III. MEMORIA POSDICTATORIAL Y REPRESENTACIONES
SIMBÓLICAS DE LA MEMORIA
EL PSICOANÁLISIS Y LA MEMORIA EN LAS SOCIEDADES POSDICTATORIALES
NÉSTOR A. BRAUNSTEIN*
Agradezco de manera profunda, no ritualista, no como una mera fórmula para comenzar un escrito, la generosa invitación de Friedhelm Schmidt-Welle para hablar en este espléndido marco que él supo crear sobre el tema de los avatares de la memoria cuando las dictaduras han terminado, cuando alguna clase de democracia se ha instaurado sobre las cenizas del antiguo régimen y cuando se crean las condiciones para el recuerdo de las injusticias de la etapa anterior, de ese tiempo en que los sufrimientos provenían tanto de la arbitrariedad de los tiranos como de la prohibición para denunciar la violencia que se ejerció sobre masas de población subyugadas por el despotismo.

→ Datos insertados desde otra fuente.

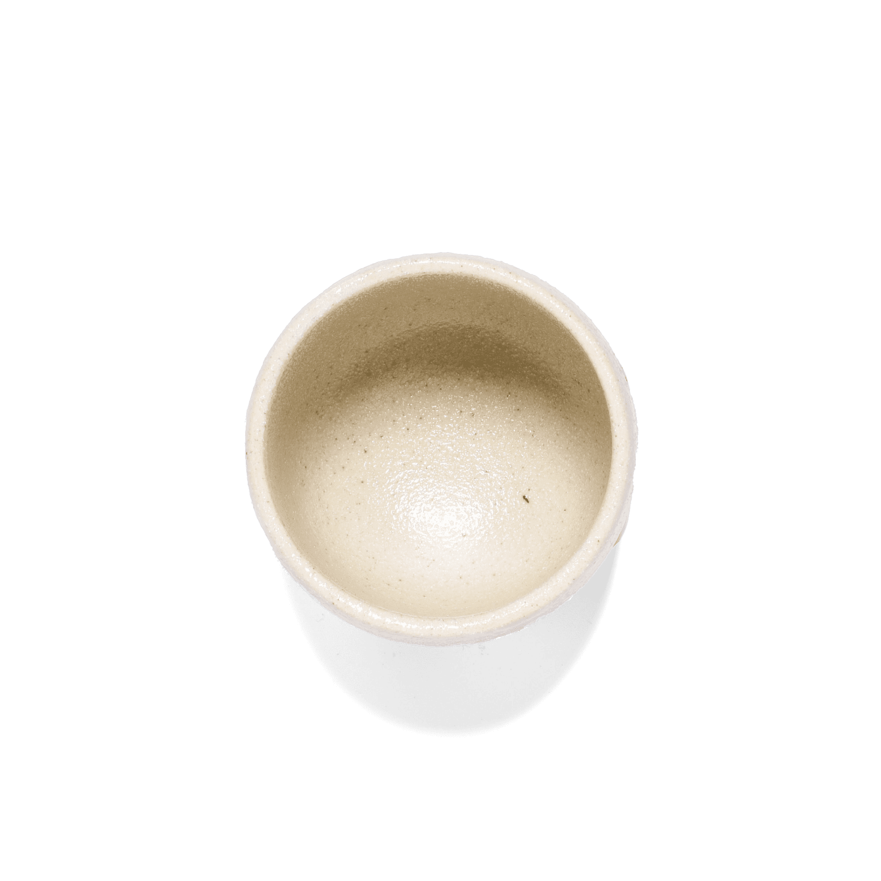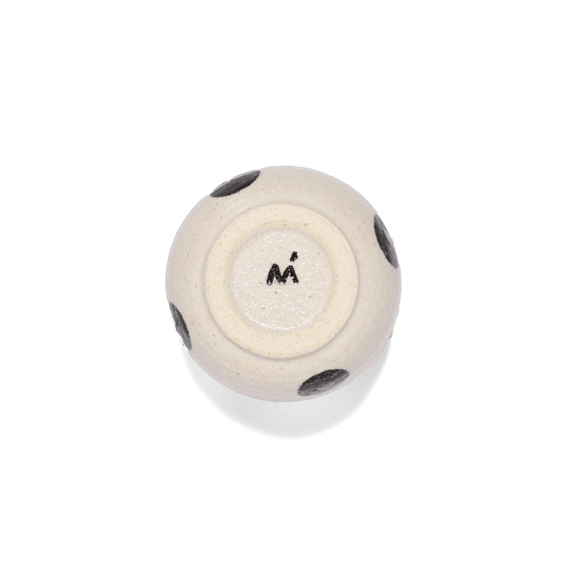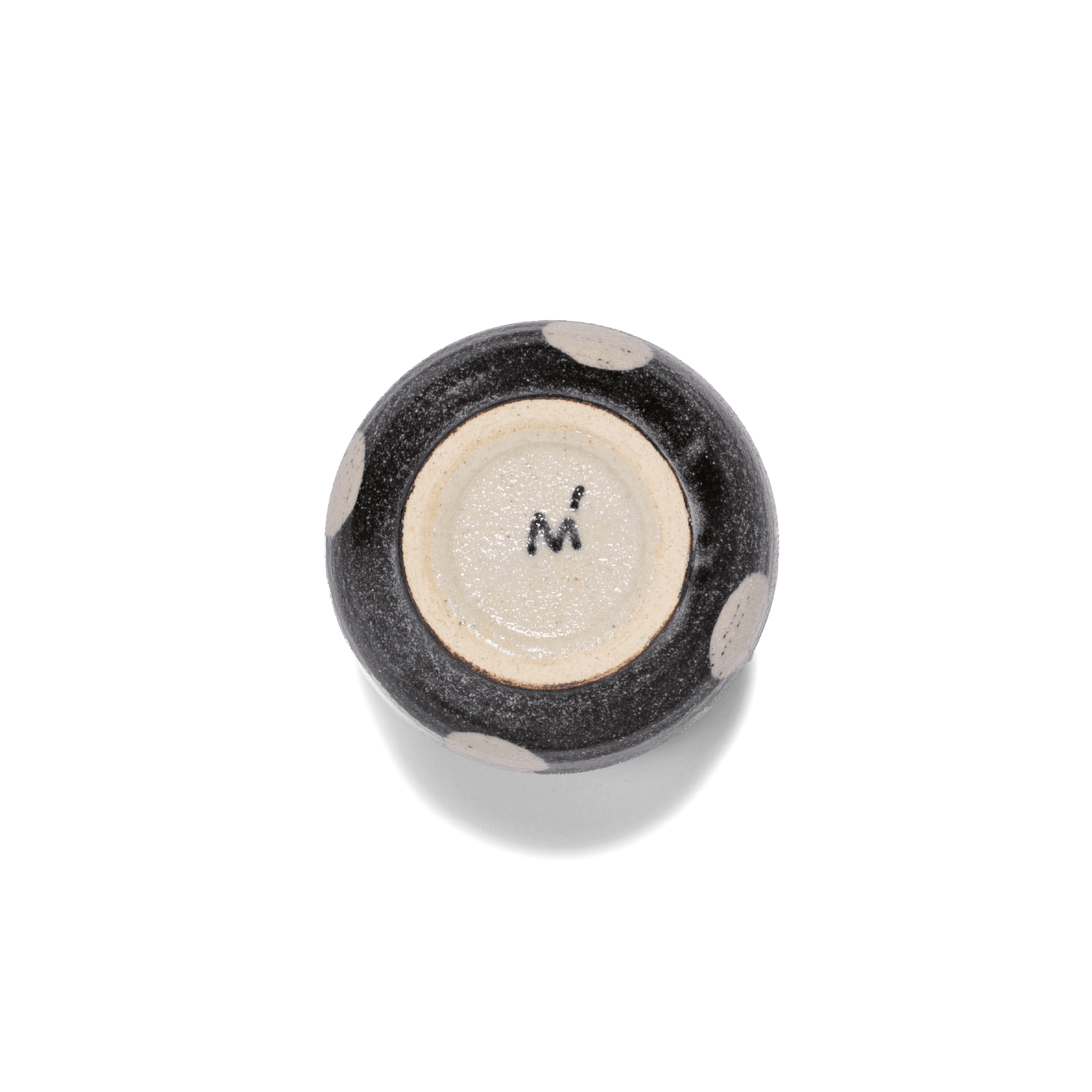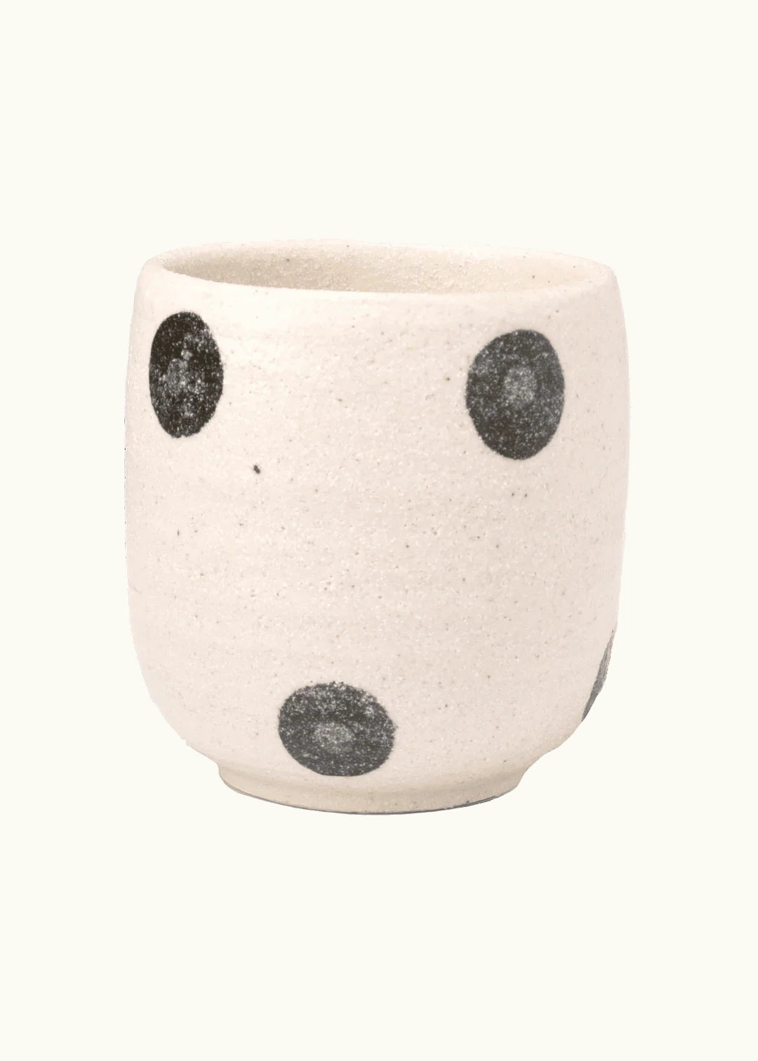 The Mizutama cup in rough pottery features the rustic and irregular polka dots which are hand-painted by Japanese artisans. The glaze containing a lot of granular particles is used for this bowl, giving a rough texture.

Gracias a esta invitación puedo materializar un capítulo inédito de mis investigaciones sobre la memoria del uno y la memoria del Otro,1 sobre las relaciones entre 1] la memoria individual, 2] la memoria colectiva, y 3] la historia documentada y la compleja interacción entre estas tres formas de guardar huellas del pasado.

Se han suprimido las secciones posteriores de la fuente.